Neben der Seniorenresidenz sollen Seniorenwohnungen entstehen.

Nach Angaben des Beigeordneten Olaf Stelse ist eine Kindertagesstätte für bis zu sechs Gruppen geplant. Derzeit gibt es in der Tagesstätte am Haunerbusch nur Platz für drei Gruppen. Neben zwei neuen Gruppen, die dann auch der Betreuung der U3-Kinder zugute kommen soll, wird darüber nachgedacht, eine Gruppe aus dem Heilpädagogischen Kindergarten Schürfelde zu übernehmen. Stelse: „Nach den Berechnungen des Märkischen Kreises fehlen der Stadt Kierspe zwei Kindergartengruppen. Um dies zu ändern, haben wir den Kreis und den Investor zusammengebracht.“

Aber die Gesellschaft aus Kirchhundem will nicht nur auf dem Gelände nahe des neuen Gerätehauses tätig werden, sondern auch im Baugebiet Östlich Rathaus. Dort soll nun doch eine Anlage für seniorengerechtes Wohnen entstehen. 

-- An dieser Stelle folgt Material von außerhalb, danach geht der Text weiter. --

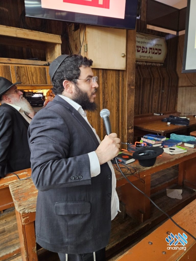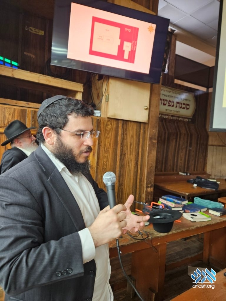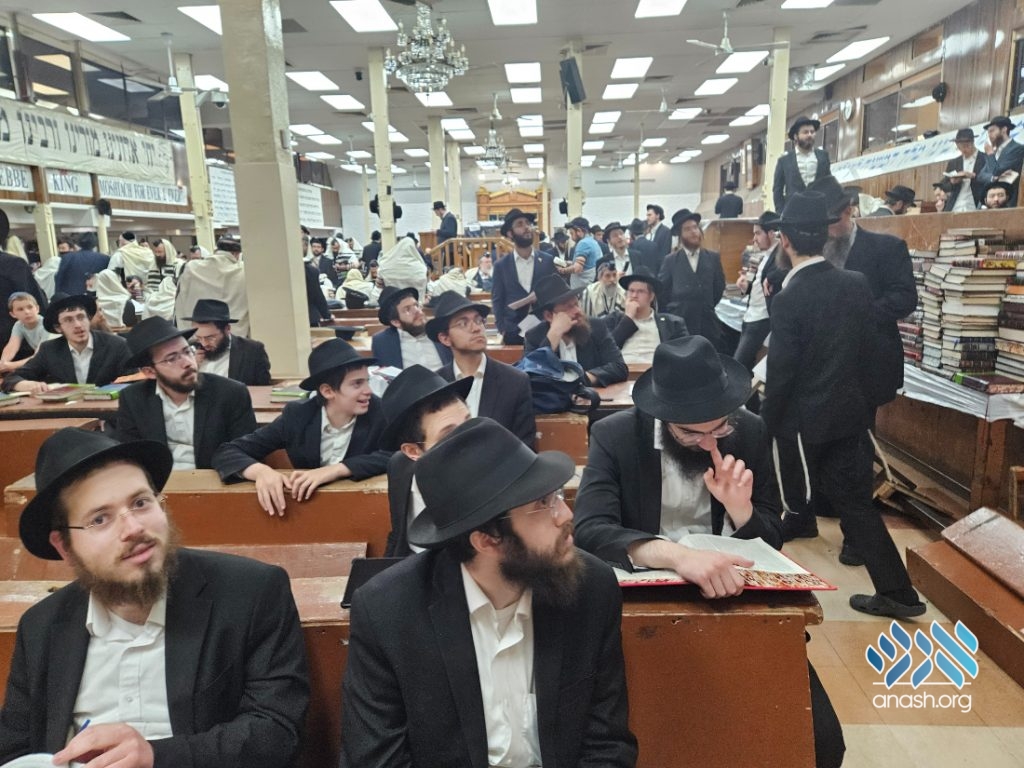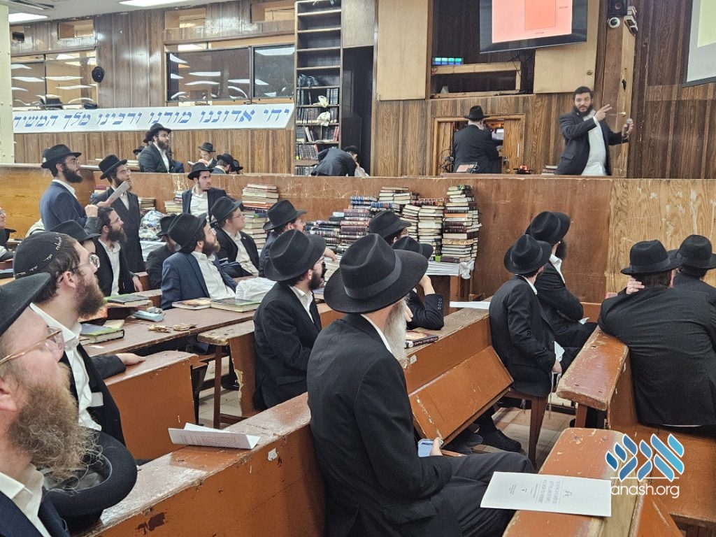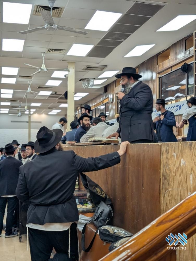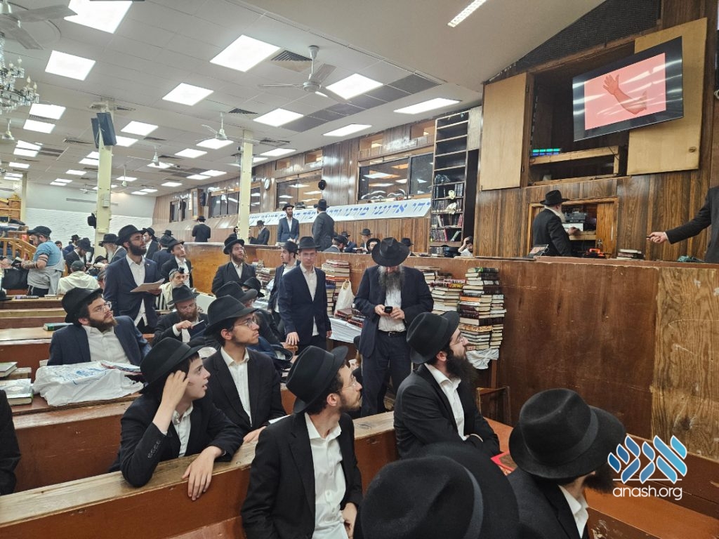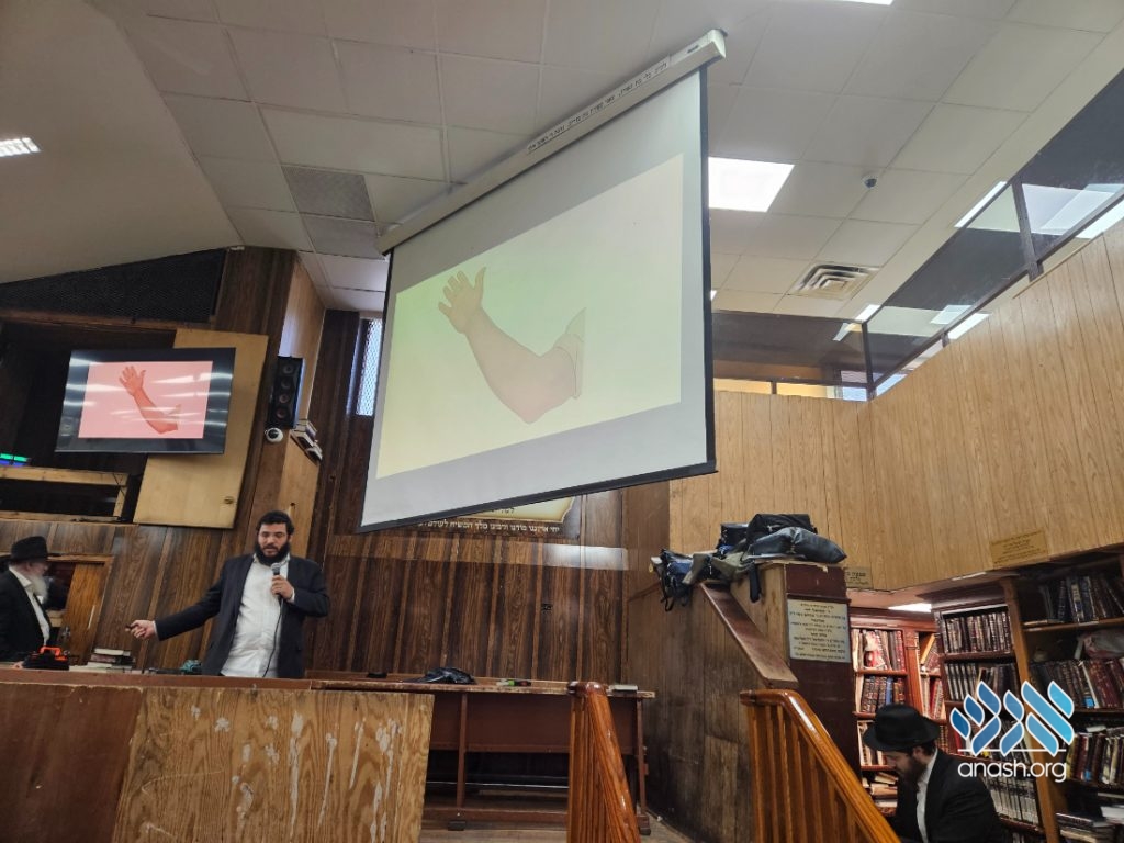 A special visual presentation on the Beis Hamikdash by Rabbi Chananya Hoffinger of the Beis Hamikdash Academy followed shachris and kinos on Tisha B’Av day, and a siyum on mesechta Semachos by Rabbi Yosef Yitzchok Kratz followed Mincha.

Direkt neben der Seniorenresidenz ist ein mehrgeschossiges Gebäude geplant. Dort sollen nach Angaben des Architekten Stracke, der auch für dieses Projekt die Planung übernommen hat, 14 „Kleinwohnungen“ auf zwei Etagen entstehen. Insgesamt sollen dort später 850 Quadratmeter Wohn- und Nutzfläche zur Verfügung stehen. Stracke: „Pro Etage sind das zwölf Wohnungen, dazu kommt dann noch in jedem Geschoss ein zusätzlicher Raum, der von den Bewohnern gemeinschaftlich genutzt werden kann.“

Stracke informiert weiter, dass die Bewohner dann Leistungen dazu buchen könnten. Möglich seien eine ambulante Pflege, aber auch ein Einkaufsservice und weitere Haushaltsdienstleitungen. All das laufe dann über eine Firma, die den Bewohnern als Vertragspartner diene.

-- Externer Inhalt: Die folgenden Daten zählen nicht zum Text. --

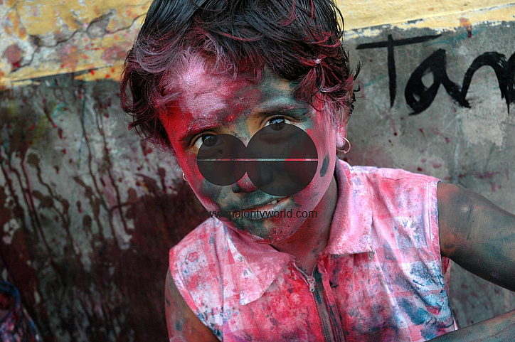 Portrait of a color smeared girl during the colorl festival of holi in Kolkata, India. The colorful festival of Holi is celebrated in late February or early March. Holi festival has an ancient origin and celebrates the triumph of 'good' over 'bad'. The colorful festival bridges the social gap and renews sweet relationships. On this day, people hug and wish each other 'Happy Holi'. February 8, 2005..

Bereits vor gut acht Jahren sollte ein ähnliches Projekt an gleicher Stelle errichtet werden. Damals wollte dort Lutz-Peter Lührmann bauen. Lührmann war auch Eigentümer der Seniorenresidenz, hat sich aber bereits vor Jahren komplett aus Kierspe zurückgezogen. Damit hatte sich damals auch jede Bautätigkeit an dieser Stelle erledigt, bis auf die Vorbereitung des Geländes für den Bau, die dort wie eine Narbe an die Planungen erinnert.

Allerdings wird sich dieser Zustand bald ändern, denn nach Mitteilung von Stracke liegt eine Baugenehmigung bereits vor, sodass mit den Arbeiten für das Gebäude bereits bald begonnen werden kann.